▶ Work order
Make an exact copy, from the records below, of the lines from the line containing "- A blue circle" to the line containing "Epic Games Storeにて2本の作品を無料で配っています。2/13午前1時まで。・Botany", both lines included, excluding pictures.

▶ Listed records
────────────────────────────────────────
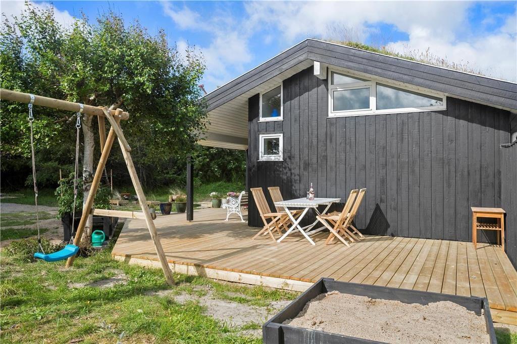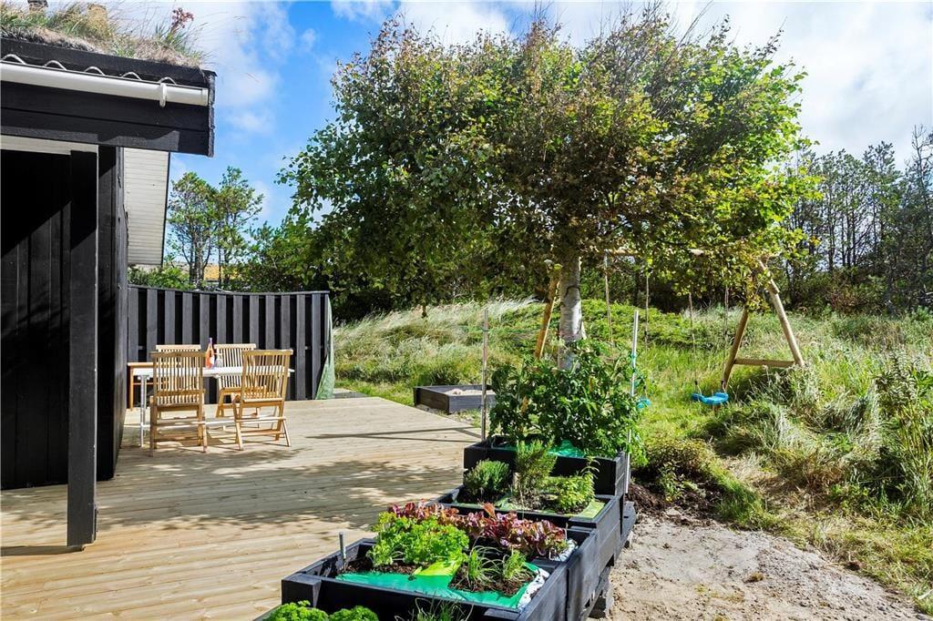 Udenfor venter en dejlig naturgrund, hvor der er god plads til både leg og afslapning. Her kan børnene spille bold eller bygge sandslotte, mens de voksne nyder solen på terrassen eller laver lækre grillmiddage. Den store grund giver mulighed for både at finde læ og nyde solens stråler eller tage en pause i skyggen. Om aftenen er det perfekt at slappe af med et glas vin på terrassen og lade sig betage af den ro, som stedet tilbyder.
────────────────────────────────────────
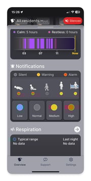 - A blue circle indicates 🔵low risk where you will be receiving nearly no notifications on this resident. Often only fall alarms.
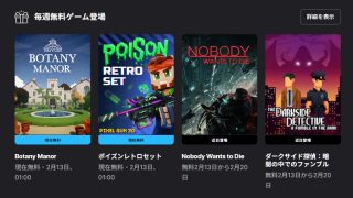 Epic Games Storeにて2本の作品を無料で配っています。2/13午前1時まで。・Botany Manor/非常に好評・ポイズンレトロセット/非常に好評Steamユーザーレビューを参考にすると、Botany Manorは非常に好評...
────────────────────────────────────────
▶ Result of the exercise
 - A blue circle indicates 🔵low risk where you will be receiving nearly no notifications on this resident. Often only fall alarms.
 Epic Games Storeにて2本の作品を無料で配っています。2/13午前1時まで。・Botany Manor/非常に好評・ポイズンレトロセット/非常に好評Steamユーザーレビューを参考にすると、Botany Manorは非常に好評...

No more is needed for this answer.